Voice cold and impersonal. Archangel said, "So the only common denominator you have is Larisa Hartsinger."

Skater said yes.

"I used his LTG number and some of the buzz Trey was able to collect to find out more about him." Archangel's fingers kept moving, and the clack of the keys being struck became a constant background noise. "He's got a record from his days in the Barrens. I picked it up from a pirate board I'm connected to. A lot of private investigators use the service.

The monitor cleared and formed a face. The man was young, an elf with the look of a thriller blocked into the ragged cut of his fair hair, the mismatched cybereye in the left socket puckered by a knife scar, and the trio of burn scars interrupting the stubble growth on the right side of his chin.

"How long has Tone been operating in Seattle?"

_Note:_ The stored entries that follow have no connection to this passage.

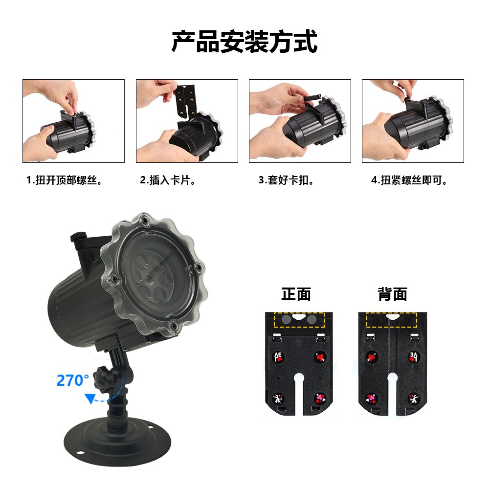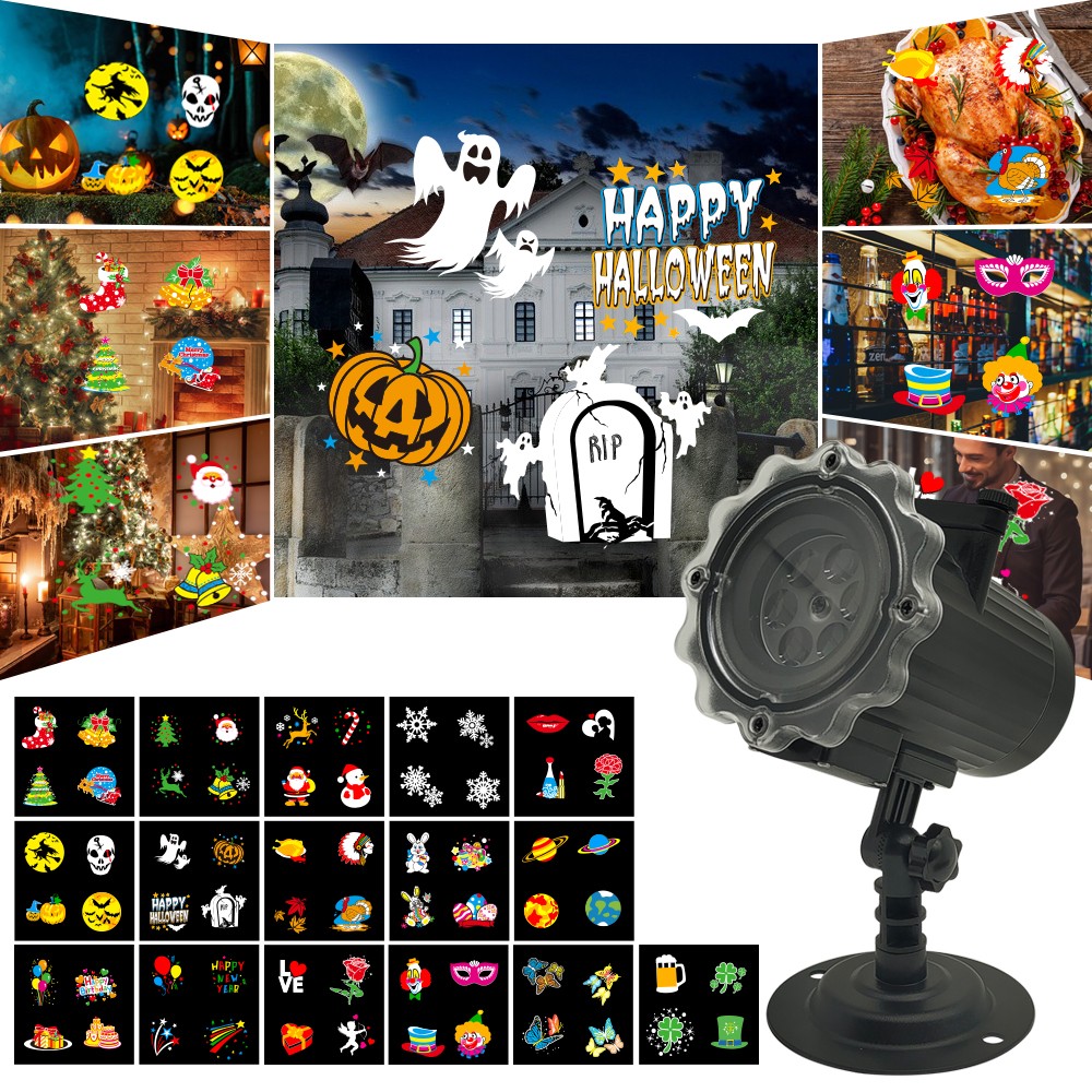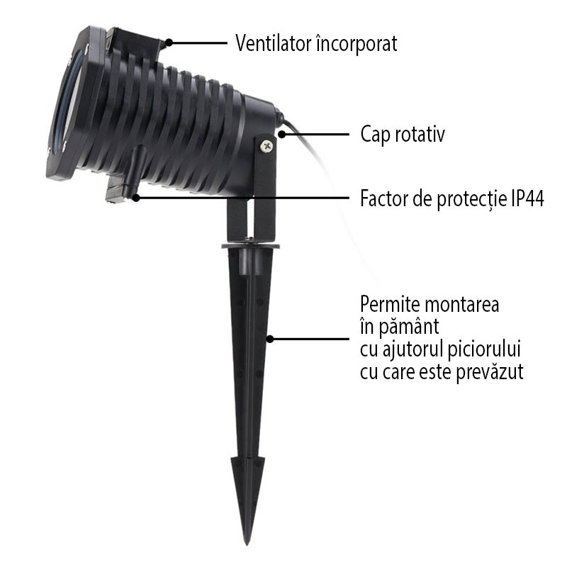 Proiector led exterior 12w, 15 modele figurine, proiectie rotativa, ip44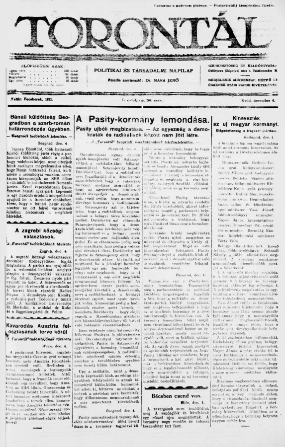Torontál, 50. évf. 1921. december 6. 269. sz.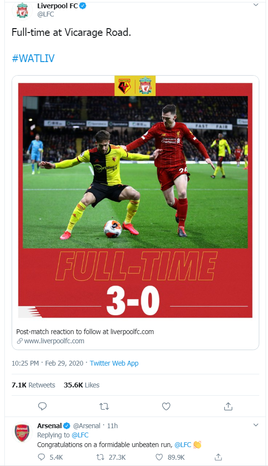 ورغم أن أرسنال كان يمني النفس بتلقي “الريدز” لأي خسارة قبل نهاية موسم “البريميرليغ” من أجل الحفاظ على رقم أسطورة التدريب الفرنسية التاريخي مع “المدفعجية”، لكنه التزم بعادة الأندية الأوروبية في التعامل بهكذا مواقف، حيث كتب الحساب الرسمي لنادي أرسنال على “تويتر” رسالة إلى ليفربول مفادها: “تهانينا على سلسلة هائلة من المباريات دون هزيمة”.

"Five months. About the time since you and Larisa called it quits."

That was one way to put being dumped, Skater thought. Then he recalled Brynna's assurances that Larisa had been blackmailed into leaving him. He pushed his personal feelings aside for the time. "That means he came onto the scene after Maddock, but Aggie said the Synclair Tone Larisa knew was a polished guy."

The picture on the monitor shifted in response to Archangel's commands. The face that replaced the Lone Star mug shot was clean and made-over. Even the mismatched cybereye had been replaced with an organic one and the three bums on his chin had been excised, leaving a smooth and shaven face. His hair was style-shop perfect. "He became that."

"Expensive," Trey commented. Skater knew the mage would know. He hadn't been born to wealth or to good manners, but he'd chosen how he presented himself and taught himself how to enjoy finer things. "The knife scars and the bums required a vat job to eradicate completely." The rest of the team had drifted over, listening and looking.

"Did he have the nuyen?" Wheeler asked.

"Not much ever showed on his arrest record from Puyal-lup," Archangel answered. "Every time he went down, it was for nickel and dime crimes. But he had a reputation for being a hard guy to handle, and one who would never cut a deal with the blues to save himself."

"Has he been noosed since he's been here?"

"No."

Skater shelved that line of inquiry for the moment. "How far did you get into those files we jacked from the freighter?"

"I cracked them a little more," she replied. "But they're not going to tell us anything. They've been corrupted, and whoever did it knew what they were doing. I don't think there's anything more I can recover."